THE DATA:
==================================================
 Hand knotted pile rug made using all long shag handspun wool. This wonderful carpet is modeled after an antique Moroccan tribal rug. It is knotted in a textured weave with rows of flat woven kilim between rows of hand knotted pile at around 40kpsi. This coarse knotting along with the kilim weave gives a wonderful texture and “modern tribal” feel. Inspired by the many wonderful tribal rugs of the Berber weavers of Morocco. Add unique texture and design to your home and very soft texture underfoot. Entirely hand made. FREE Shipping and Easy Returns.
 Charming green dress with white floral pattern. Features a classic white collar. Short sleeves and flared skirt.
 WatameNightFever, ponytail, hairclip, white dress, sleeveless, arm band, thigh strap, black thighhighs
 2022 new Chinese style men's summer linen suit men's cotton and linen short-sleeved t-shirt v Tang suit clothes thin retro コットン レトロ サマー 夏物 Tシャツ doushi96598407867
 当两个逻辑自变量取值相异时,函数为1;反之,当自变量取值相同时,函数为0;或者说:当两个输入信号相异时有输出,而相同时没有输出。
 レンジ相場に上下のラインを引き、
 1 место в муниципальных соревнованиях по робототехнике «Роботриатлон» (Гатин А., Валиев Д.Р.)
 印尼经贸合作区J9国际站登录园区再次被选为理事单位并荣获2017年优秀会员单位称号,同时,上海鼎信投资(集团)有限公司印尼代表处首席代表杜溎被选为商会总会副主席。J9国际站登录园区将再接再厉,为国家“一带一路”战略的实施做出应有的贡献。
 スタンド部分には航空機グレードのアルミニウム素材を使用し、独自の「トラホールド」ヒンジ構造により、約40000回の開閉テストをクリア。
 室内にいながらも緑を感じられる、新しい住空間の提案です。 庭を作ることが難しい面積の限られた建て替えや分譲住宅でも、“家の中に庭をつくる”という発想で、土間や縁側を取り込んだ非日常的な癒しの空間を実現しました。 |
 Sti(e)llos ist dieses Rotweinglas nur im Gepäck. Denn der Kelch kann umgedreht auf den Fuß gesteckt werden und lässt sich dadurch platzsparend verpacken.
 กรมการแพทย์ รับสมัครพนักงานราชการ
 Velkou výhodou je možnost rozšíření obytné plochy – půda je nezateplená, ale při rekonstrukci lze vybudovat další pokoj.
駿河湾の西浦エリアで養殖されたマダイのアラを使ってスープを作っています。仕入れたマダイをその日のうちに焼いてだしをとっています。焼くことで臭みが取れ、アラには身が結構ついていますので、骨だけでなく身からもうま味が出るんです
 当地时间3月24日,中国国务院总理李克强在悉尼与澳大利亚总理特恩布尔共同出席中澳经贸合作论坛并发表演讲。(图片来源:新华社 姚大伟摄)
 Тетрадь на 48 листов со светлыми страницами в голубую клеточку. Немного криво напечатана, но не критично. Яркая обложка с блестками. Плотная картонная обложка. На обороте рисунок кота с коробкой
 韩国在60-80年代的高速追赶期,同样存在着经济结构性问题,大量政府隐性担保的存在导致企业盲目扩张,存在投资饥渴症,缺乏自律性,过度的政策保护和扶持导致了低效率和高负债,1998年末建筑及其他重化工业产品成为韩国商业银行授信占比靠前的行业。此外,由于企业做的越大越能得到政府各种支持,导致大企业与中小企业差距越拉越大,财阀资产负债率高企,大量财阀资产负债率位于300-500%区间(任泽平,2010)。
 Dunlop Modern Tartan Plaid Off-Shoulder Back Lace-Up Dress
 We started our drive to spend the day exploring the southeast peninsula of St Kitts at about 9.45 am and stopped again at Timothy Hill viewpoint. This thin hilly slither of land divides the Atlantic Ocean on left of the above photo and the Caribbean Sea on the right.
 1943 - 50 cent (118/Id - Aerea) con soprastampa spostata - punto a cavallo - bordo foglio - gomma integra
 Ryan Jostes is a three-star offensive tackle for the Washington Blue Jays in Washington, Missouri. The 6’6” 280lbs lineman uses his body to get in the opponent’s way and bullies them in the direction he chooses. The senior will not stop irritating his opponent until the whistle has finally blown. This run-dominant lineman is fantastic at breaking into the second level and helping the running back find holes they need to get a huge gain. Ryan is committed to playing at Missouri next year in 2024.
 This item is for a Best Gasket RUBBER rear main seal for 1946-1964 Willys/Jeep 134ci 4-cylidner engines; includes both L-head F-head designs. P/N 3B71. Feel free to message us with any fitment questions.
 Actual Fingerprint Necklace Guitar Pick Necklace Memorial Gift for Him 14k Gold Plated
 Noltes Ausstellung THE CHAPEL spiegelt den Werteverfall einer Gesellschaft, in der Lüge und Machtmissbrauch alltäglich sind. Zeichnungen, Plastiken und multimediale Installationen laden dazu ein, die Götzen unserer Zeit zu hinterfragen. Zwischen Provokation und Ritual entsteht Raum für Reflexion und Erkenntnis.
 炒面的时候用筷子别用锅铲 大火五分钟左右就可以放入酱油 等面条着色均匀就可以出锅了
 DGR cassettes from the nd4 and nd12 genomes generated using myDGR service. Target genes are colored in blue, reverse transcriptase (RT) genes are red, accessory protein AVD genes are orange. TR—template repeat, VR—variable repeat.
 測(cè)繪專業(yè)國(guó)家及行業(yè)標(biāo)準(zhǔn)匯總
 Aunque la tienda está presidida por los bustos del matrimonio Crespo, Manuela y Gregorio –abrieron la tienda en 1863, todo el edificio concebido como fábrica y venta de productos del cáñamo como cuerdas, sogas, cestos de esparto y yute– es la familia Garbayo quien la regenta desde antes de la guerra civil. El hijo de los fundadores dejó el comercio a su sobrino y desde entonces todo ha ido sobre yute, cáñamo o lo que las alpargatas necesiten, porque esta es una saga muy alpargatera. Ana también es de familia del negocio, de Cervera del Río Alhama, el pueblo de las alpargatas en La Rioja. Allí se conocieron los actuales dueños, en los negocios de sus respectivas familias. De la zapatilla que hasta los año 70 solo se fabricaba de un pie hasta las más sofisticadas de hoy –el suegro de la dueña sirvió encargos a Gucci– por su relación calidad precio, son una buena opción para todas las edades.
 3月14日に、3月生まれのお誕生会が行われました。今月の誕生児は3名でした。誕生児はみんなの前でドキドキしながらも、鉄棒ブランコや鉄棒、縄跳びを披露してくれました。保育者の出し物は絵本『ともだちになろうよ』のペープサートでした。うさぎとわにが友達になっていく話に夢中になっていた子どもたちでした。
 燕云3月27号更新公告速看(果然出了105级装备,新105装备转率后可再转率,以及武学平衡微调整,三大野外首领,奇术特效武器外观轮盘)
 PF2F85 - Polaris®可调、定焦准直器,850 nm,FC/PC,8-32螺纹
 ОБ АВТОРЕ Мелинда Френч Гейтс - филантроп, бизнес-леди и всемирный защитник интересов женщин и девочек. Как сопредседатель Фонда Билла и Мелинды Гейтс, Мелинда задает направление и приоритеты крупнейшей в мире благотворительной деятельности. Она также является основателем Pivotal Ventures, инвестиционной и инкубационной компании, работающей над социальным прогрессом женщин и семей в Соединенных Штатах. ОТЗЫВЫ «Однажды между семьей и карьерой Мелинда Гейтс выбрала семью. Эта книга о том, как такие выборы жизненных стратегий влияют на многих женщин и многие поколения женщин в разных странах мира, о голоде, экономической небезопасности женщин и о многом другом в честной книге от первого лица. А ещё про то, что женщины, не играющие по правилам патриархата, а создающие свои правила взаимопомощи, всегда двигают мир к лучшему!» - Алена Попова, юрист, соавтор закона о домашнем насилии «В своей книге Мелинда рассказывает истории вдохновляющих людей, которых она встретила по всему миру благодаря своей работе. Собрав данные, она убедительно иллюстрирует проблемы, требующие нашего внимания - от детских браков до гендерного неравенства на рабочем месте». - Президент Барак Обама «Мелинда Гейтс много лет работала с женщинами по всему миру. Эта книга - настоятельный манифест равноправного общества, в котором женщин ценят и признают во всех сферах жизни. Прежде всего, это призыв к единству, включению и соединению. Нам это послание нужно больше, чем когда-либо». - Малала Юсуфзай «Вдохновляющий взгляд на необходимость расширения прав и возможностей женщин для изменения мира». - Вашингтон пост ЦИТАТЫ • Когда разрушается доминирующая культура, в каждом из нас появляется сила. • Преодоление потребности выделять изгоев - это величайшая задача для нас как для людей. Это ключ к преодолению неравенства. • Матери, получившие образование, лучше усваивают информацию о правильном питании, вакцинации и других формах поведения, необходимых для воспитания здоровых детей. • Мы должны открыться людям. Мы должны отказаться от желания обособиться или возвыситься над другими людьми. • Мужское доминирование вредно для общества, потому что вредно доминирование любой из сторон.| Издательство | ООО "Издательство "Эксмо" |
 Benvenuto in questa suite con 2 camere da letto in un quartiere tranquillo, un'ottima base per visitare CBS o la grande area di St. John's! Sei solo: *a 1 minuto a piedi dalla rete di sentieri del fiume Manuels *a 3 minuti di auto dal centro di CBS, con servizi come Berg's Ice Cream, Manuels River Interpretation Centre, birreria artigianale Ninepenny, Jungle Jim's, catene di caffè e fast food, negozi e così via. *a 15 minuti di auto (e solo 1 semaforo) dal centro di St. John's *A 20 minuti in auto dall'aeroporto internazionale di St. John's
==================================================
PROBLEM DETAILS:
Your task is to transcribe, with no changes, only the lines of the listing above that lie between the line holding "Charming green dress" and the line holding "スタンド部分には航空機グレー", inclusive.

RESPONSE:
 Charming green dress with white floral pattern. Features a classic white collar. Short sleeves and flared skirt.
 WatameNightFever, ponytail, hairclip, white dress, sleeveless, arm band, thigh strap, black thighhighs
 2022 new Chinese style men's summer linen suit men's cotton and linen short-sleeved t-shirt v Tang suit clothes thin retro コットン レトロ サマー 夏物 Tシャツ doushi96598407867
 当两个逻辑自变量取值相异时,函数为1;反之,当自变量取值相同时,函数为0;或者说:当两个输入信号相异时有输出,而相同时没有输出。
 レンジ相場に上下のラインを引き、
 1 место в муниципальных соревнованиях по робототехнике «Роботриатлон» (Гатин А., Валиев Д.Р.)
 印尼经贸合作区J9国际站登录园区再次被选为理事单位并荣获2017年优秀会员单位称号,同时,上海鼎信投资(集团)有限公司印尼代表处首席代表杜溎被选为商会总会副主席。J9国际站登录园区将再接再厉,为国家“一带一路”战略的实施做出应有的贡献。
 スタンド部分には航空機グレードのアルミニウム素材を使用し、独自の「トラホールド」ヒンジ構造により、約40000回の開閉テストをクリア。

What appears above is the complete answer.